Wednesday, August 25, 2010


THE CONSTITUTIONAL [ALEXANDRIA, LA], September 1, 1860, p. 2, c. 4

[From the the UT Tyler digital archives]
The Pole Raising.

Bell-Everett Flag (Library of Congress)
It was apparent to the most casual observers on Saturday last, that something unusual was about to occur to break in upon the dull monotony of our town. At an early hour in the day people commenced coming in from the country and by 12 o'clock quite a large and respectable crowd had gathered to assist in raising the Bell and Everett pole, announced to take place at this hour. . . .

Shortly after the conclusion of the last address, amid the shouts of the multitude and the booming of cannon, the pole was elevated to its position, and the national ensign was unfurled to the breeze, having inscribed upon it the names of Bell and Everett.

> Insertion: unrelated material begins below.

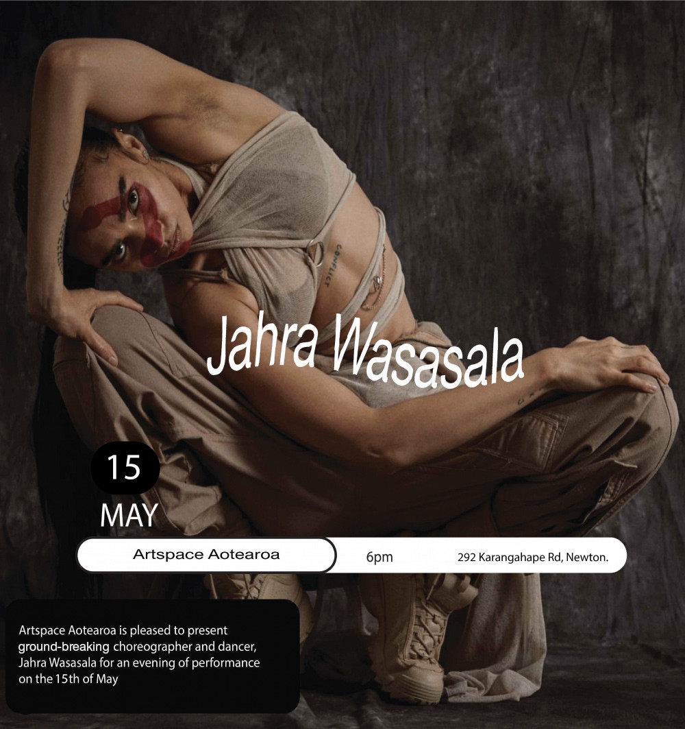 Artspace Aotearoa is pleased to host Jahra Wasasala for an evening performance on the 15th of May.

Upon the summit of the pole, 125 feet high, is placed a gilded figure of a bell. Some of our Democratic friends, with a puerile attempt to be witty, remarked that it has no clapper. Their favorite figure has been a rooster, but we never heard that the figure crowed, and now that the Democracy is divided, we have yet to learn which faction owns the famous rooster.

Our figure is but symbolical of that great National Bell which will ring out in November next, on occasion of the mighty resurrection of dry bones among which there is now such a shaking.

The proceedings of the day were characterized by much enthusiasm, convincing all that Bell and Everett have a deep hold upon the hearts of the people.